> **PROBLEM DESCRIPTION**:
Your copy should match the records below exactly, except for the pictures.
§
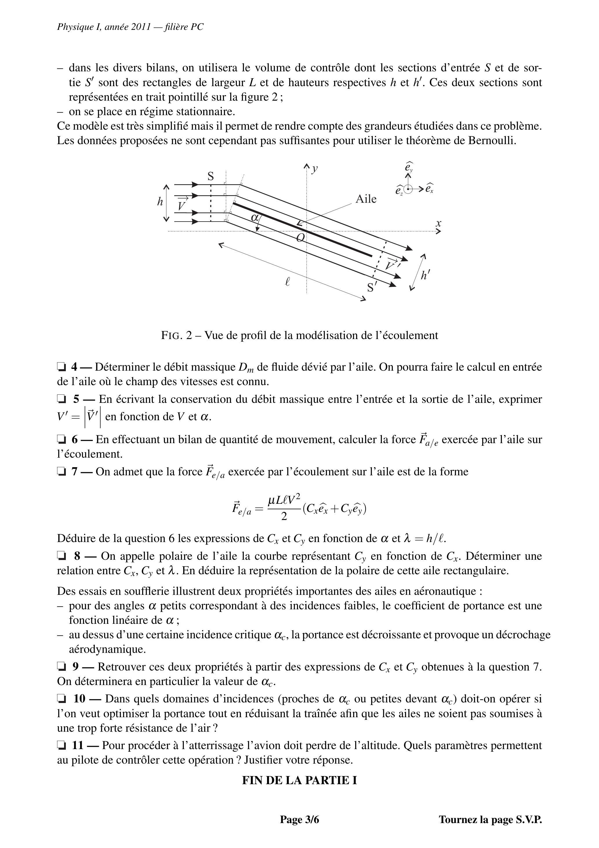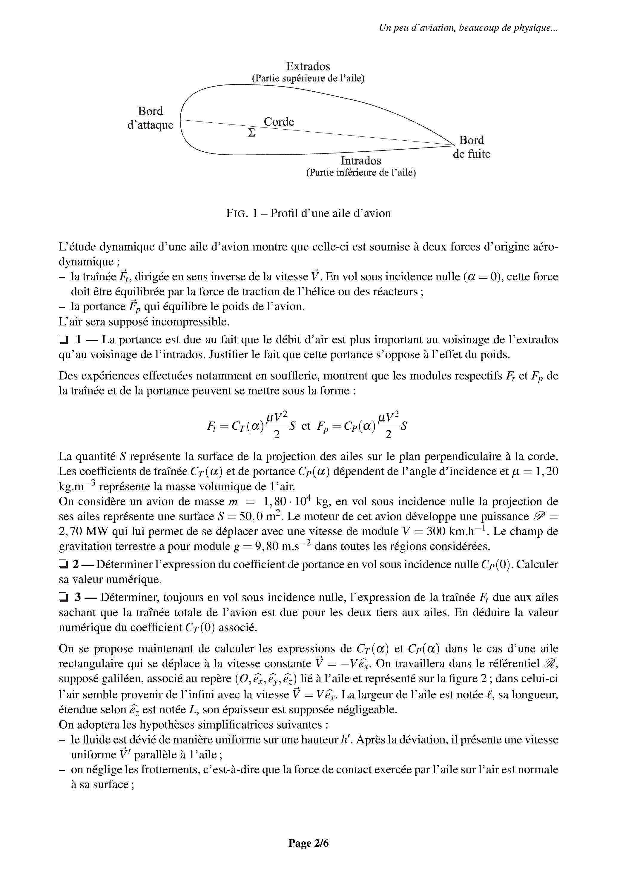 L'air sera supposé incompressible. - La portance est due au fait que le débit d'air est plus important au voisinage de l'extrados qu'au voisinage de l'intrados. Justifier le fait que cette portance s'oppose à l'effet du poids.
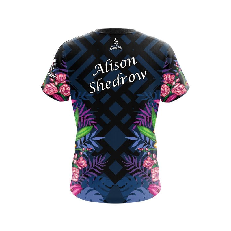 Designed, cut and sewn by hand stay 40% cooler with CoolWick. Our Alison Shedrow Tropical Floral Leaves CoolWick Bowling Jerseys are made of two different fabrics. The back being our CoolWick technology fabric that helps wick moisture away and helps air flow more easily through the fibers.
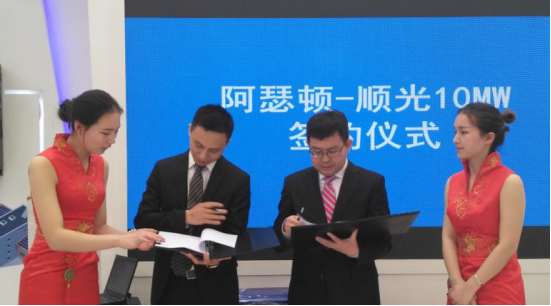 4月19日, “阿瑟顿-顺光10MW分布式项目签约仪式”在上海新国际博览中心隆重举行。会议由欧乐光伏网的金牌主编吴苏文主持,阿瑟顿新能源科技有限公司董事长李健与顺光太阳能科技有限公司董事长杜发伟出席仪式。
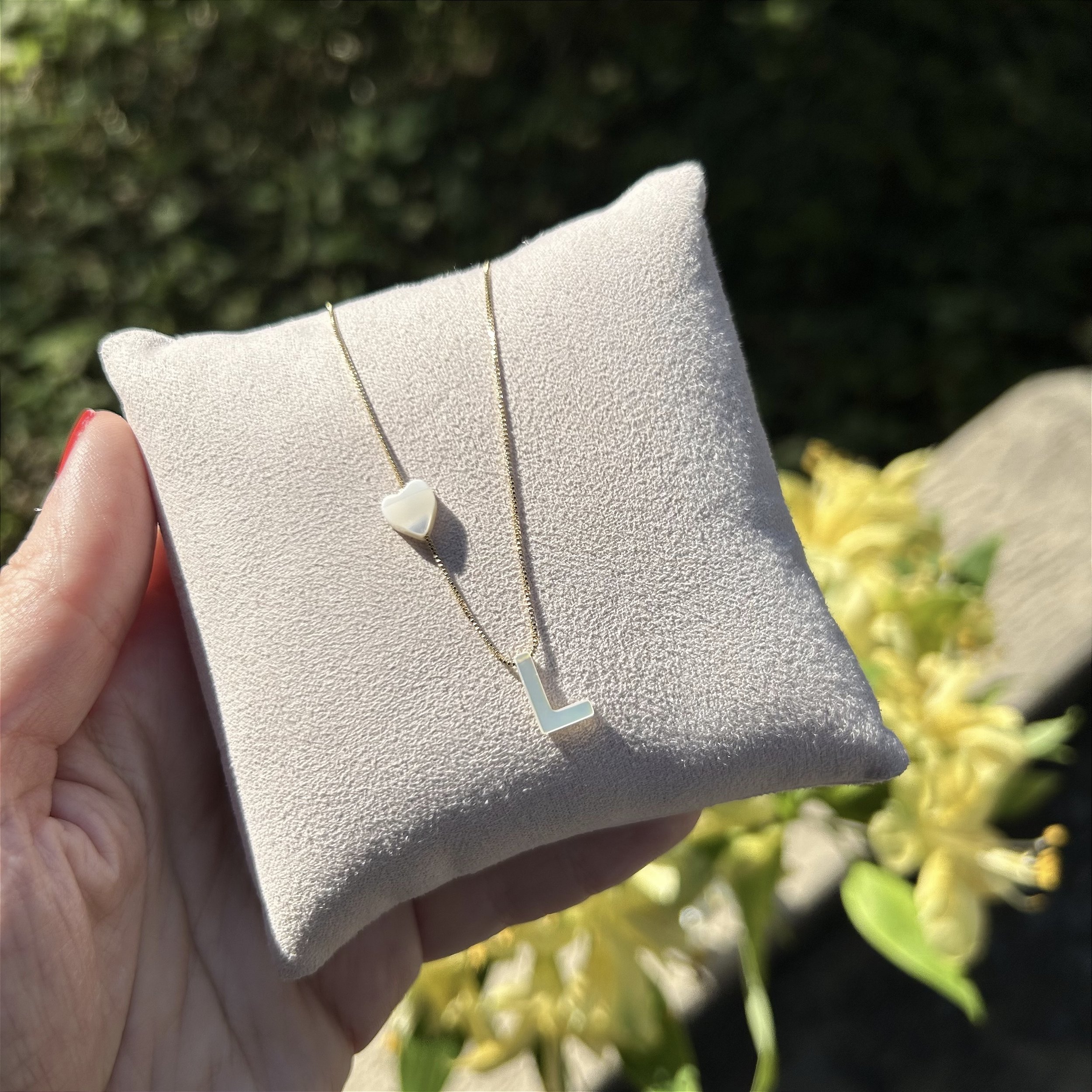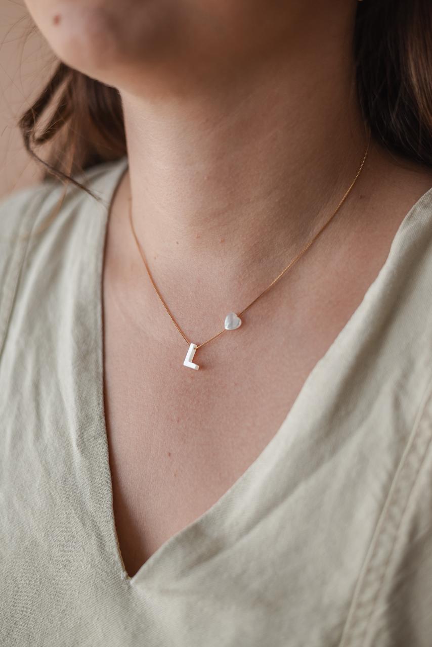 O colar de letrinha é uma excelente sugestão de presente! Ele pode simbolizar a letra da pessoa ou de alguém querido (filhos, marido, esposa...) e fica lindo para compor cascatinha com outros colares. O colar com 40 cm de comprimento e extensor de 4 cm. Em corrente veneziana folheada a ouro com espessura 0,6mm (fininha) com letrinha L em madreperola (madrepérola de letrinha fica solta na corrente para melhor caimento da peça) com aproximadamente 1 cm. Coracao de madrepérola fixo na corrente com aproximadamente 5mm.
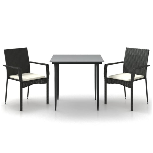 Udendørs Spisebordssæt 3 Dele Sort
§
> **THE COMPLETED TASK**:
 L'air sera supposé incompressible. - La portance est due au fait que le débit d'air est plus important au voisinage de l'extrados qu'au voisinage de l'intrados. Justifier le fait que cette portance s'oppose à l'effet du poids.
 Designed, cut and sewn by hand stay 40% cooler with CoolWick. Our Alison Shedrow Tropical Floral Leaves CoolWick Bowling Jerseys are made of two different fabrics. The back being our CoolWick technology fabric that helps wick moisture away and helps air flow more easily through the fibers.
 4月19日, “阿瑟顿-顺光10MW分布式项目签约仪式”在上海新国际博览中心隆重举行。会议由欧乐光伏网的金牌主编吴苏文主持,阿瑟顿新能源科技有限公司董事长李健与顺光太阳能科技有限公司董事长杜发伟出席仪式。
 O colar de letrinha é uma excelente sugestão de presente! Ele pode simbolizar a letra da pessoa ou de alguém querido (filhos, marido, esposa...) e fica lindo para compor cascatinha com outros colares. O colar com 40 cm de comprimento e extensor de 4 cm. Em corrente veneziana folheada a ouro com espessura 0,6mm (fininha) com letrinha L em madreperola (madrepérola de letrinha fica solta na corrente para melhor caimento da peça) com aproximadamente 1 cm. Coracao de madrepérola fixo na corrente com aproximadamente 5mm.
 Udendørs Spisebordssæt 3 Dele Sort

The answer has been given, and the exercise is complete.